The Sunday Circle is the weekly check-in where I ask the creative-types who follow this blog to weigh in about their goals, inspirations, and challenges for the coming week. The logic behind it can be found here. Want to be involved? It’s easy – just answer three questions in the comments or on your own blog (with a link in the comments here, so that everyone can find them).
After that, throw some thoughts around about other people’s projects, ask questions if you’re so inclined. Be supportive above all.
Then show up again next Sunday when the circle updates next, letting us know how you did on your weekly project and what you’ve got coming down the pipe in the coming week (if you’d like to part of the circle, without subscribing to the rest of the blog, you can sign-up for reminders via email here).
MY CHECK-IN
What am I working on this week?
My goal for the coming week is to have a short story about spirit photography finished by Christmas and the next instalment of What Writers Ought to Know About Die Hard ready for the New Year, but they are very low-key target.
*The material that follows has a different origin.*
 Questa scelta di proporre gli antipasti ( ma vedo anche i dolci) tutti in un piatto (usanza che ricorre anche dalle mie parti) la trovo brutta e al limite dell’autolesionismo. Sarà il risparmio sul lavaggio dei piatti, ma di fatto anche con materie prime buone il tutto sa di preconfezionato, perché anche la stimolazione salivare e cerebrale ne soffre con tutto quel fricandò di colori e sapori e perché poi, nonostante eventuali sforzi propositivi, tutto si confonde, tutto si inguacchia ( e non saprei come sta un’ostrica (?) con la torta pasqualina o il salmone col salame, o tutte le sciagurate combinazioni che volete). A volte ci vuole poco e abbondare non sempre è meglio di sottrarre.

Mostly, I plan on using the coming week to refill the well a little when it comes to creative work. I’ve got a small stack of books to read, and a small pile of movies to watch, and a notebook just waiting for the annotations to begin.
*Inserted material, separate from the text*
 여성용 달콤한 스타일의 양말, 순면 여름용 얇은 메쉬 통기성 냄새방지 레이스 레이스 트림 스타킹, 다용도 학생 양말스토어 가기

What’s inspiring me this week?
I’ve been reading Cal Newport’s So Good They Can’t Ignore You: Why Skills Trump Passion in the Quest for Work You Love and its an incredible primer on how to build a career based in on creative industries, without overtly being focused on it. It may well be added to the list of recommended reading I suggest every writer do before the start out.
I’ll admit there’s nothing revolutionary going on in the book, but it gives language and a framework to what can be a hard thing to explain to newer writers: the acquisition of career capital through diligent, good work that can eventually be transformed into the kind of career freedom that draws people to the arts. Teaching writing frequently means people are trying to skip to the latter, dreaming of the first book becoming a best-seller, and Newport traces case-study after case-study through various industries that shows why this isn’t a viable approach.
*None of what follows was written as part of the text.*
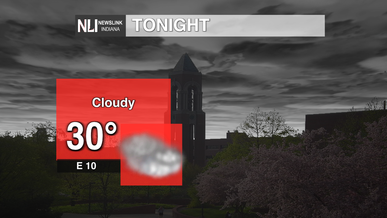 Tonight: We will be seeing clouds move in with it being 30 degrees with winds coming from the east direction at 10 mph and it being below freezing, so if you are planning to go out for dinner bring a coat and warm pants.

What part of my project an I avoiding?
It’s been eighteen months since the last Die Hard instalment here on the blog, so I’ve been avoiding that post like the plague for a very long time. Trying to remember that I don’t have to write all of it at the same time, and it’s perfectly viable to just take one bite of the elephant, but slow progress is not my jam when it comes to blogging.
It doesn’t help that the second half of the second act, which is where we’re up to, is probably the least interesting part of story structure and there’s not a lot of good resources for fleshing out how I talk about it.